- Born: 28 December 1921 Paris, France
- Died: 23 November 1996 (aged 74) Paris, France
- Education: Lycée Janson de Sailly
- Alma mater: Columbia Business School
- Known for: Director of Christian Dior SA
- Spouses: Carla Ovazza; Francoise Schuhl ​(m. 1953)​;
- Children: 2 including Alain Elkann
- Relatives: Agnelli family; Ettore Ovazza;

= Jean-Paul Elkann =

French banker (1921–1996)

Jean-Paul Elkann (28 December 1921 – 23 November 1996) was a French banker. He was president of Compagnie Financière Jean-Paul Elkann (CFJPE).

== Biography ==
=== Early life and education ===

Born in Paris, Jean-Paul Elkann was the son of Montbéliard-born industrialist Armand Elkann (1882–1962) and his wife Berthe Bloch. He was raised at Lycée Janson de Sailly in Paris. He was admitted to study at Polytechnique in 1940 but left France with his family.

=== Refugee in New York ===
Elkann continued his studies in the United States and received a Bachelor of Science degree from Columbia Business School in 1943 while living at The Pierre hotel in New York City.
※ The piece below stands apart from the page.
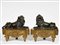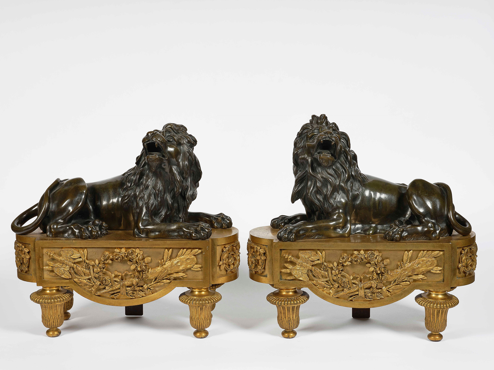 Coppia di alari da camino in bronzo dorato e patinato. XIX secolo Raffiguranti due leoni accovacciati e ruggenti, W. 40 - D. 18 - H. 39,5 cm
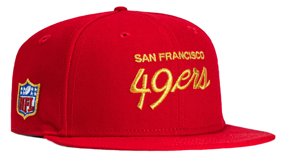 Going beyond the specific “style” of fitted hats, it bears repeating how many colorways, logos, and cool details, like side patches, are out there. You can find many “standard” colorways and logos, like red San Francisco 49ers hats with the team’s logo accented in gold.

Along with his father, Elkann entered the metallurgical industry. Soon after, he became the owner and president of the companies Vanadium Steel Italiana from 1948, Vanadium Alloys Steel Canada (since 1950), and Vice President of Vanadium Alloys Steel USA from 1953.

=== Return to Paris ===
In 1953, Elkann returned to France and went into the fragrance industry. In 1962, he became president of Parfums Caron. Thereafter, he became vice president of Parfums Givenchy (1980–1983), director of Christian Dior SA Group, and director of several major French companies. He was also the president of the Consistoire israélite de Paris from 1967 to 1982, then chairman of the Israelite Central Consistory of France from 1982 to 1992, and interim president of the Conseil Représentatif des Institutions Juives de France (CRIF) in late 1982, replacing Alain de Rothschild, who died of a heart attack in October 1982.

Although he was himself a non-practicing Jew, he supported the Orthodox movement. As quoted by the Chief Rabbi, Michel Gugenheim, Elkann told the leader of Reform Judaism in the United States, Alexander Schindler: "The only difference between you and me, Mr. rabbi, is that I violate the law, but I do not change it, and you want to change the law." He was also the vice president of the France-Israel Chamber of Commerce, the chairman of the Association de coopération économique France-Israël, Haifa Technion governor, administrator of Yabné school, administrator of the Alliance Israelite Universelle, and vice chairman of the Social Action Committee Israelite de Paris (CASIP).

In addition to his business career, Elkann served on the board of overseers of Columbia Business School.

== Personal life and death ==
Elkann married Carla Ovazza (1922–2000), heir to a Jewish banking family in Turin, whom he met at Columbia University; she was the niece of Ettore Ovazza. They had a son, Alain Elkann, who was born in New York in 1950 and who, in 1975, married Margherita Agnelli, daughter of the influential Italian industrialist and principal shareholder of Fiat, Gianni Agnelli.

After divorce, Jean-Paul Elkann married Francoise Schuhl on 9 November 1953, with whom he had a daughter, Brigitte Elkann. He died on 23 November 1996, in Paris.